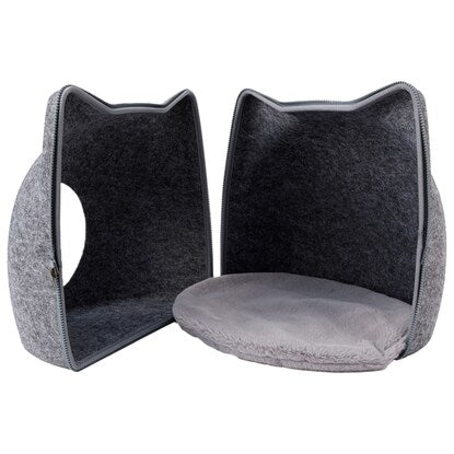 毛が絡まりにくいフェルト生地にファスナーで分割もできて、お掃除が簡単
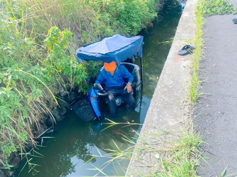 老翁醫療代步車跌落水溝 警消合力搶救脫困送醫
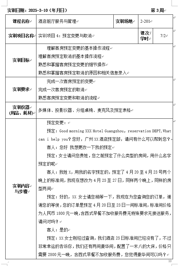 10.2 1+X前厅运营管理(中级)实操考试
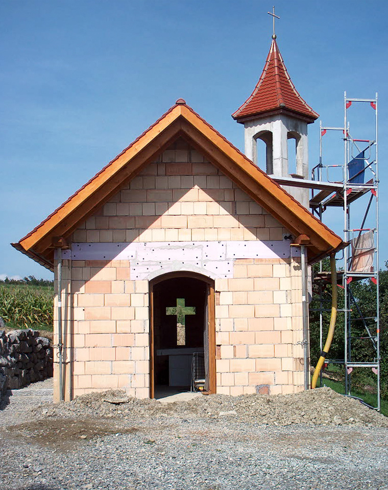 Ausgeführte Arbeiten: Umbau des bestehenden Gebäudes, mit Anbau durch zweischalige Wände, einziehen von Wänden und Einbau von Fertigteiltreppen, sowie nachträglicher Einbau der BodenplatteArchitekt: Kopper Architekten, Esslingen Baujahr: 2007 St. Benedikt Kapelle, Friedrichshafen-Unterraderach
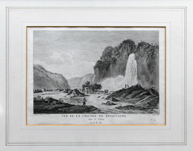 Titre: Vue de la cascade de Pissevache dans le Vallais [i.e.Valais] A.P.D.R. [i.e. Avec
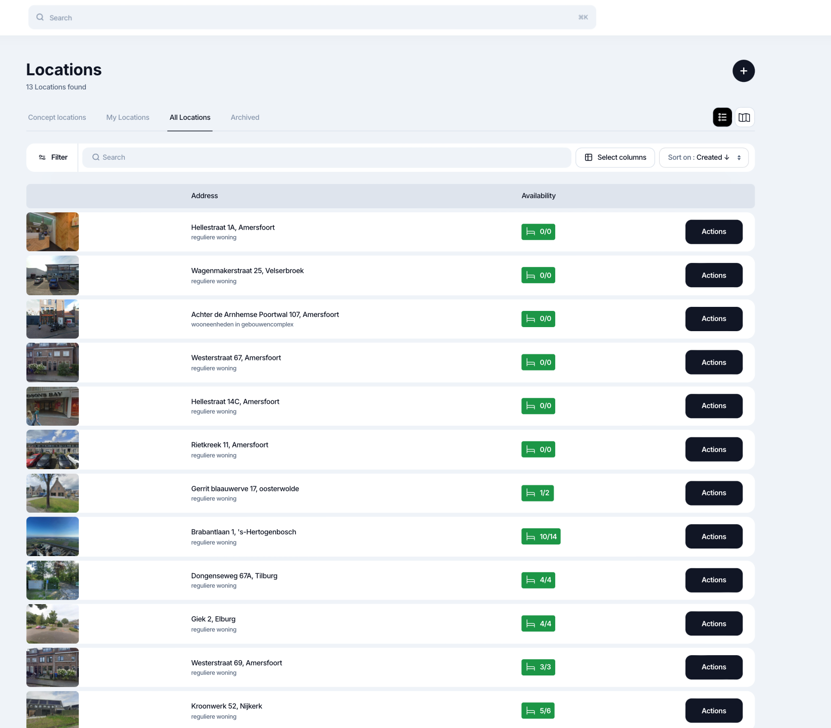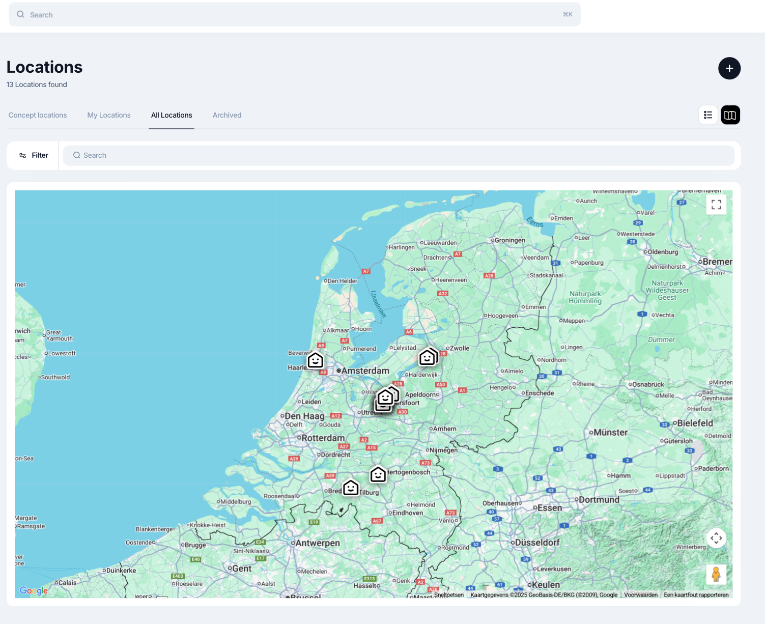 2. Gearchiveerd: Hier zie je alle locaties die momenteel niet actief zijn op het platform. Alle relevante documentatie over eerdere gebruikers en overeenkomsten worden hier ter inzage bewaard.
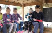 Miután nem csak a gyöngyöt, de engem is meg lehet fűzni, a gyermekek a jó idő miatt a foglalkozást a szabad levegőn kezdhették három különböző méretű papír tulipán kivágásával. Ezek összeragasztásával a magyar kokárda színeiben megjelenő, hurkapálcára ragasztott papír tulipánokat készíthettek.

--*--

▶ [Work instruction]: Give back the full listing word for word, with the pictures left out.

▶ [Answer]:
 毛が絡まりにくいフェルト生地にファスナーで分割もできて、お掃除が簡単
 老翁醫療代步車跌落水溝 警消合力搶救脫困送醫
 10.2 1+X前厅运营管理(中级)实操考试
 Ausgeführte Arbeiten: Umbau des bestehenden Gebäudes, mit Anbau durch zweischalige Wände, einziehen von Wänden und Einbau von Fertigteiltreppen, sowie nachträglicher Einbau der BodenplatteArchitekt: Kopper Architekten, Esslingen Baujahr: 2007 St. Benedikt Kapelle, Friedrichshafen-Unterraderach
 Titre: Vue de la cascade de Pissevache dans le Vallais [i.e.Valais] A.P.D.R. [i.e. Avec
 2. Gearchiveerd: Hier zie je alle locaties die momenteel niet actief zijn op het platform. Alle relevante documentatie over eerdere gebruikers en overeenkomsten worden hier ter inzage bewaard.
 Miután nem csak a gyöngyöt, de engem is meg lehet fűzni, a gyermekek a jó idő miatt a foglalkozást a szabad levegőn kezdhették három különböző méretű papír tulipán kivágásával. Ezek összeragasztásával a magyar kokárda színeiben megjelenő, hurkapálcára ragasztott papír tulipánokat készíthettek.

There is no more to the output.